Source data:
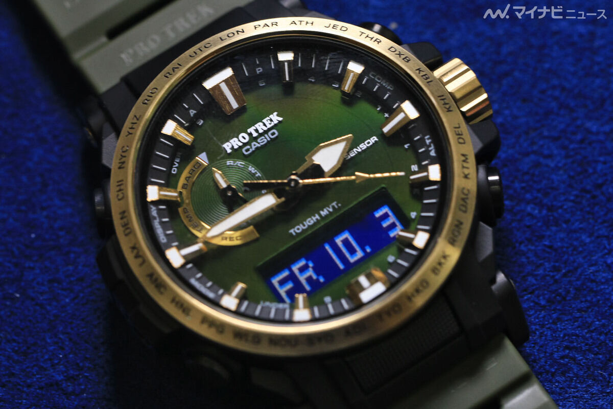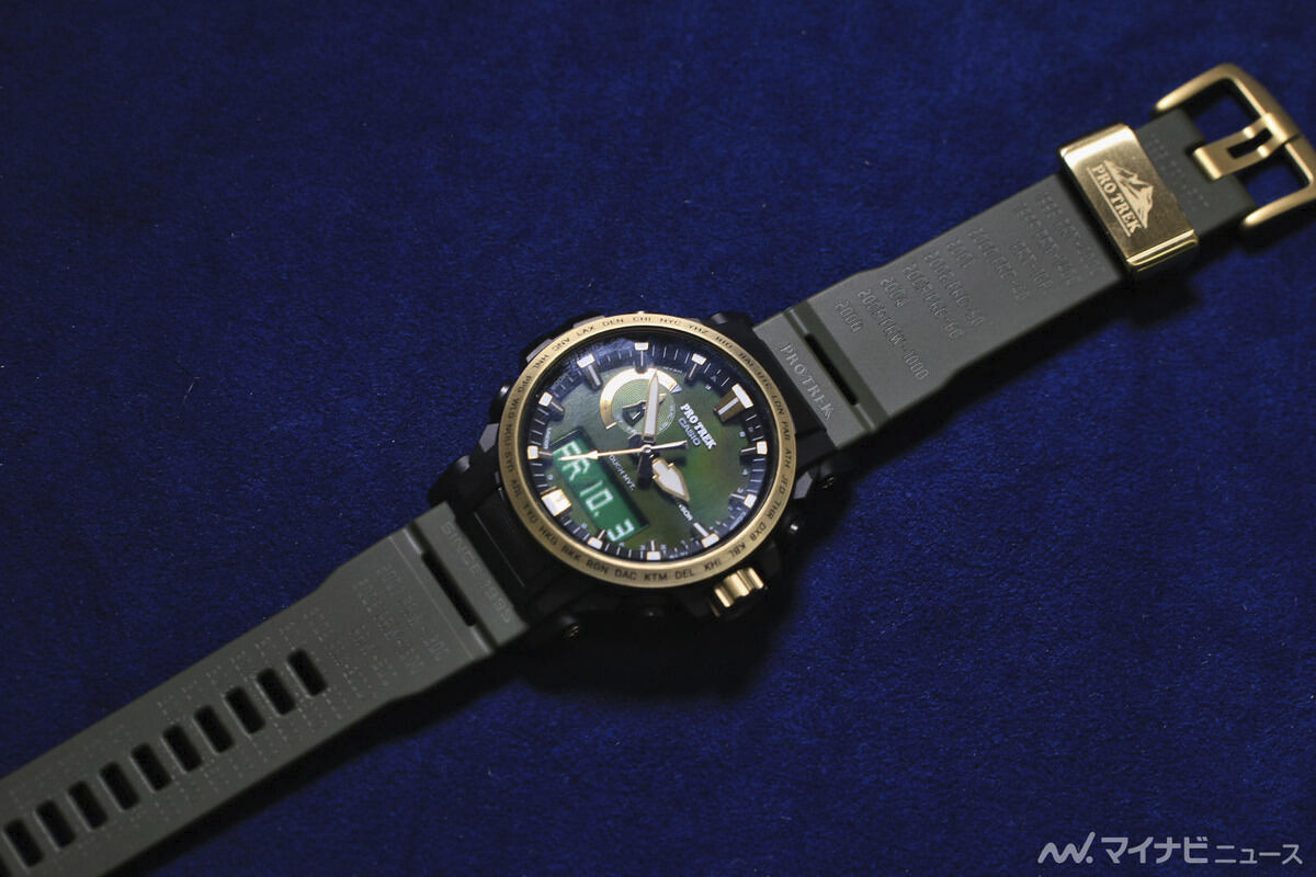 При ближайшем освещении PRW-61ANS-3 демонстрирует насыщенный оливково-зеленый циферблат с большой глубиной. Золотые индексы и стрелки, нанесенные методом парового напыления, ловят свет с блеском, что, в свою очередь, делает аналоговые элементы более яркими, но не слишком отражающими. Даже цифровой дополнительный циферблат теперь сидит чище. Он более четко обрамлен в нижней части циферблата. Также легче заметить радиальную текстуру под логотипом Pro Trek.
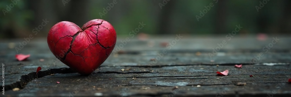 A single, withered heart rests on aged, cracked wood, symbolizing profound loneliness and emotional isolation; a poignant image of solitude and sorrow , solitude, isolation #1510832757
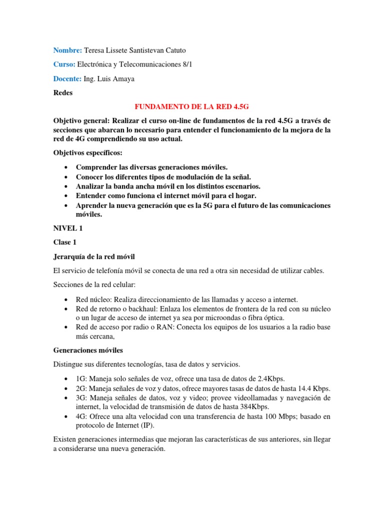 Objetivo general: Realizar el curso on-line de fundamentos de la red 4.5G a través de
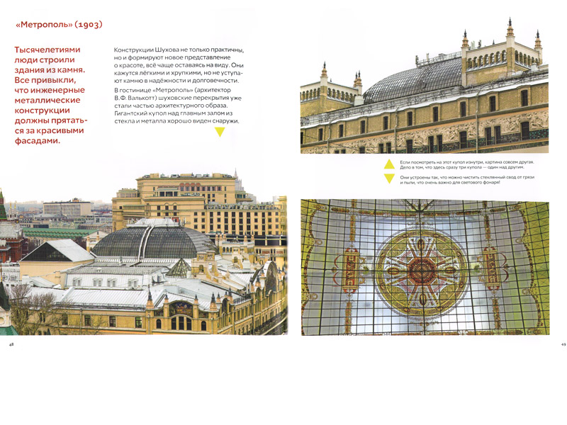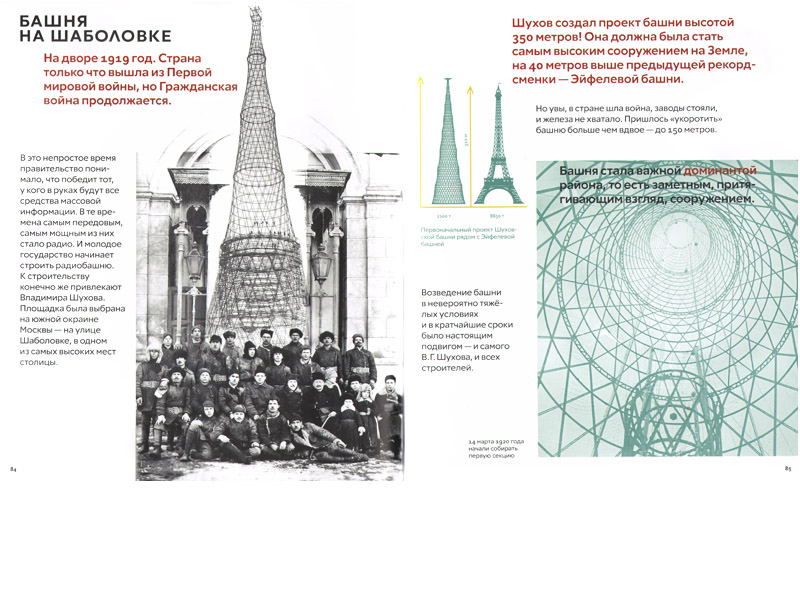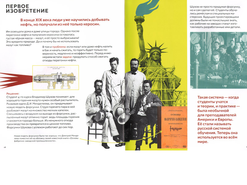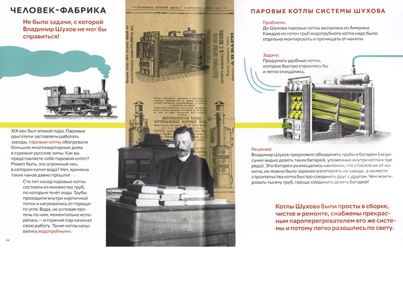 Оказалось, что инженер ‒ это человек, который, выполняя технические задания, постоянно разрешает противоречия. Как сделать конструкцию кровли или моста одновременно и легкой и прочной? Как заставить нефть подниматься по трубопроводу вверх? В книге «Что придумал Шухов» это показано очень наглядно. Перед описанием каждого изобретения, каждой новой модели очень четко указана задача, которая стояла перед инженером В. Г. Шуховым и которую ему требовалось разрешить. (Тут трудно не согласиться с афоризмом «Правильно заданный вопрос ‒ уже половина ответа», ведь от правильной формулировки задания зависит, можно ли его выполнить вообще.) Затем в книге описывается придуманный Шуховым способ решения изобретательской задачи и чем этот способ отличается от того, как разрешались эти технические противоречия раньше. Получается, что инженер ‒ это творец, который, создавая что-то новое, меняет окружающий мир. И создавая свои знаменитые и используемые по всему миру сетчатые структуры, Шухов думал не только о стоящей перед ним технической задаче ‒ сделать одновременно более легкую и более прочную опору для строительства мостов, конструкций кровли и башен, но и одновременно разрешал эстетическую задачу. Эти конструкции должны быть красивыми. У Шухова получилось создать металлические сетчатые конструкции, которые, несмотря на их неоспоримую прочность, кажутся практически невесомыми, воздушными, кружевными, ажурными. Вспомните Шуховскую башню на Шаболовке в Москве, конструкции крыши ГУМа или ГНИИ им. А. С. Пушкина.
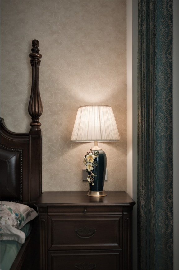 【实景】台灯的色调与窗帘相呼应,灯体自身带有自然味道的装饰,活跃整体氛围。
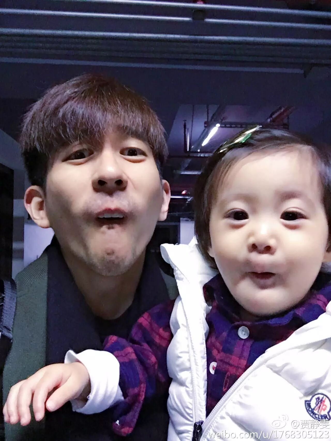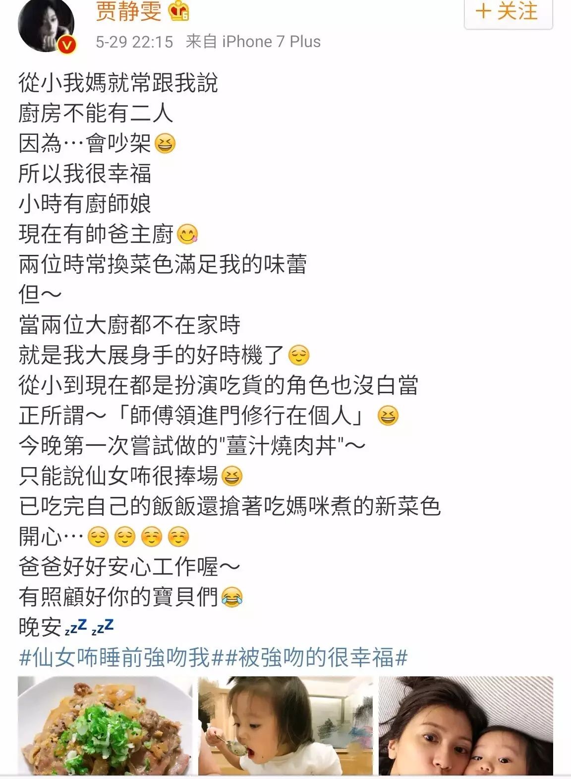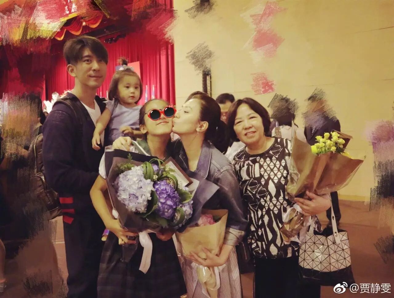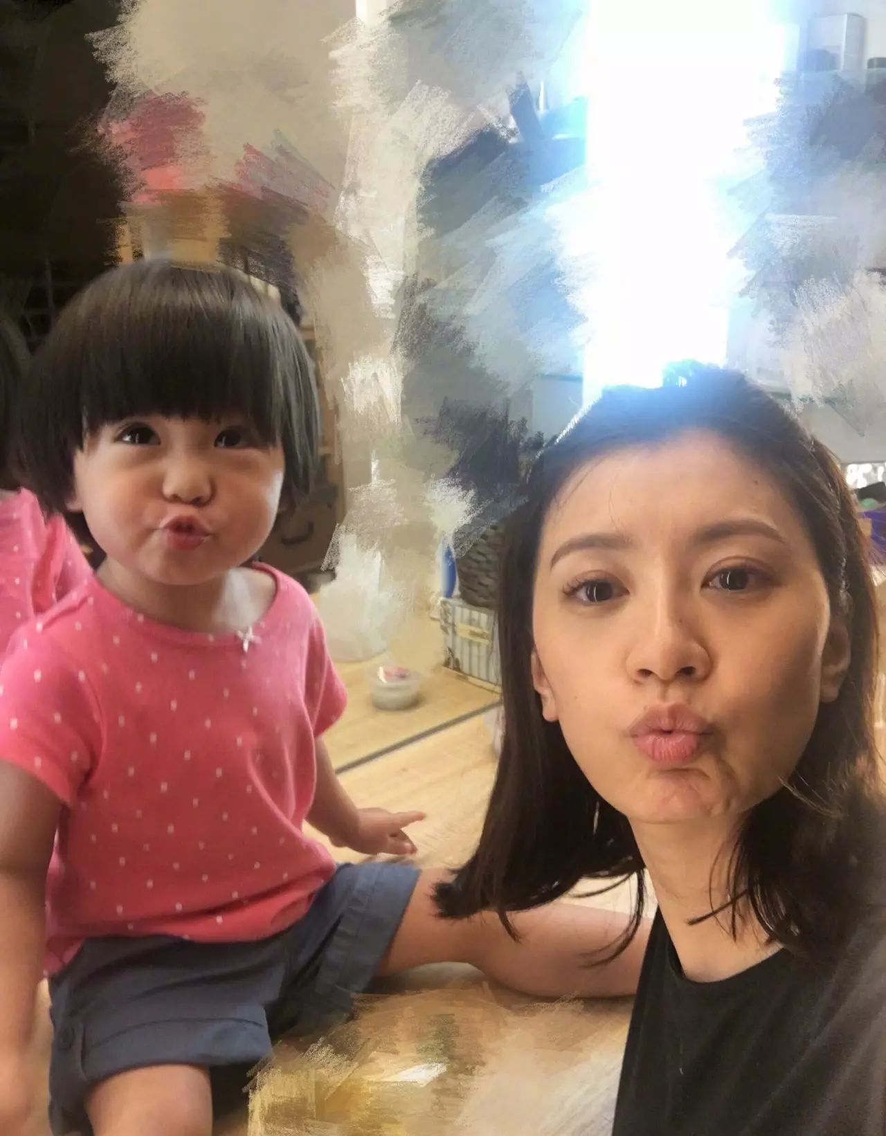 贾静雯还分享了一张咘咘亲bobo脸蛋的照片,看起来超级有爱,而且她还说到姐姐们都爱亲亲小妹妹bobo的脸蛋~
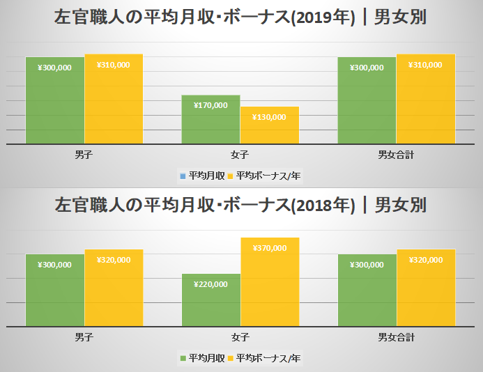 男性の平均月収は2018年と2019年ともに30万円、平均ボーナスは2018年では32万円、2019年では31万円と安定的な収入です。しかし女性の平均月収になると、2018年では22万円、2019年では17万円と5万円の差が出ています。
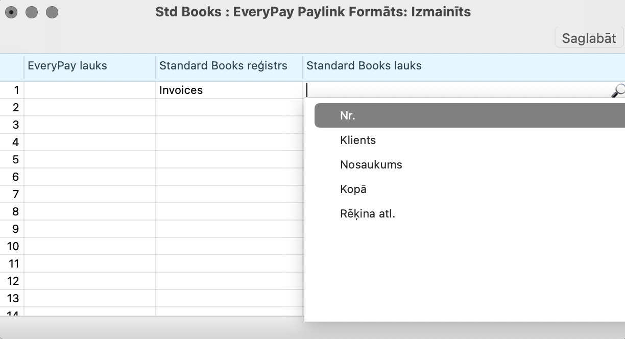Standard Books lauks – šajā slejā atlasiet lauku Standard Books, kuram atbilst Linkpay saites lauks. (NB! Pašlaik tiek atbalstīti tikai rēķina Nr. (nosaukums Nr.), Klienta kods (nosaukums Klients), Klienta nosaukums, Kopā, Rēķina atlikums.
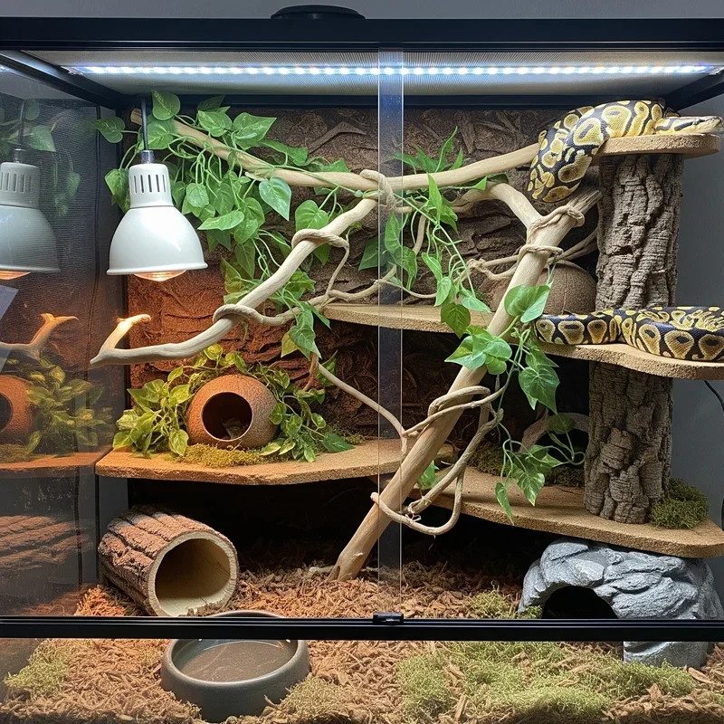 Create distinct zones within your enclosure using a split-level design that maximizes usable space creatively! Build a raised platform covering half the enclosure, creating an upper level and shadowy area below. Design the upper level as a basking area with optimal heating and light exposure. Transform the lower level into a cool, humid retreat with multiple hiding spots and water features. Connect levels with textured ramps or branches that provide easy navigation for your snake. The multi-level approach allows for greater temperature and humidity gradients in limited space. This design particularly suits taller enclosures where horizontal space might be limited. Your ball python enjoys choosing between completely different environments within one habitat.

What this task involves:
Repeat the records word for word. Leave out whatever pictures they hold.

Your response:
 При ближайшем освещении PRW-61ANS-3 демонстрирует насыщенный оливково-зеленый циферблат с большой глубиной. Золотые индексы и стрелки, нанесенные методом парового напыления, ловят свет с блеском, что, в свою очередь, делает аналоговые элементы более яркими, но не слишком отражающими. Даже цифровой дополнительный циферблат теперь сидит чище. Он более четко обрамлен в нижней части циферблата. Также легче заметить радиальную текстуру под логотипом Pro Trek.
 A single, withered heart rests on aged, cracked wood, symbolizing profound loneliness and emotional isolation; a poignant image of solitude and sorrow , solitude, isolation #1510832757
 Objetivo general: Realizar el curso on-line de fundamentos de la red 4.5G a través de
 Оказалось, что инженер ‒ это человек, который, выполняя технические задания, постоянно разрешает противоречия. Как сделать конструкцию кровли или моста одновременно и легкой и прочной? Как заставить нефть подниматься по трубопроводу вверх? В книге «Что придумал Шухов» это показано очень наглядно. Перед описанием каждого изобретения, каждой новой модели очень четко указана задача, которая стояла перед инженером В. Г. Шуховым и которую ему требовалось разрешить. (Тут трудно не согласиться с афоризмом «Правильно заданный вопрос ‒ уже половина ответа», ведь от правильной формулировки задания зависит, можно ли его выполнить вообще.) Затем в книге описывается придуманный Шуховым способ решения изобретательской задачи и чем этот способ отличается от того, как разрешались эти технические противоречия раньше. Получается, что инженер ‒ это творец, который, создавая что-то новое, меняет окружающий мир. И создавая свои знаменитые и используемые по всему миру сетчатые структуры, Шухов думал не только о стоящей перед ним технической задаче ‒ сделать одновременно более легкую и более прочную опору для строительства мостов, конструкций кровли и башен, но и одновременно разрешал эстетическую задачу. Эти конструкции должны быть красивыми. У Шухова получилось создать металлические сетчатые конструкции, которые, несмотря на их неоспоримую прочность, кажутся практически невесомыми, воздушными, кружевными, ажурными. Вспомните Шуховскую башню на Шаболовке в Москве, конструкции крыши ГУМа или ГНИИ им. А. С. Пушкина.
 【实景】台灯的色调与窗帘相呼应,灯体自身带有自然味道的装饰,活跃整体氛围。
 贾静雯还分享了一张咘咘亲bobo脸蛋的照片,看起来超级有爱,而且她还说到姐姐们都爱亲亲小妹妹bobo的脸蛋~
 男性の平均月収は2018年と2019年ともに30万円、平均ボーナスは2018年では32万円、2019年では31万円と安定的な収入です。しかし女性の平均月収になると、2018年では22万円、2019年では17万円と5万円の差が出ています。
Standard Books lauks – šajā slejā atlasiet lauku Standard Books, kuram atbilst Linkpay saites lauks. (NB! Pašlaik tiek atbalstīti tikai rēķina Nr. (nosaukums Nr.), Klienta kods (nosaukums Klients), Klienta nosaukums, Kopā, Rēķina atlikums.
 Create distinct zones within your enclosure using a split-level design that maximizes usable space creatively! Build a raised platform covering half the enclosure, creating an upper level and shadowy area below. Design the upper level as a basking area with optimal heating and light exposure. Transform the lower level into a cool, humid retreat with multiple hiding spots and water features. Connect levels with textured ramps or branches that provide easy navigation for your snake. The multi-level approach allows for greater temperature and humidity gradients in limited space. This design particularly suits taller enclosures where horizontal space might be limited. Your ball python enjoys choosing between completely different environments within one habitat.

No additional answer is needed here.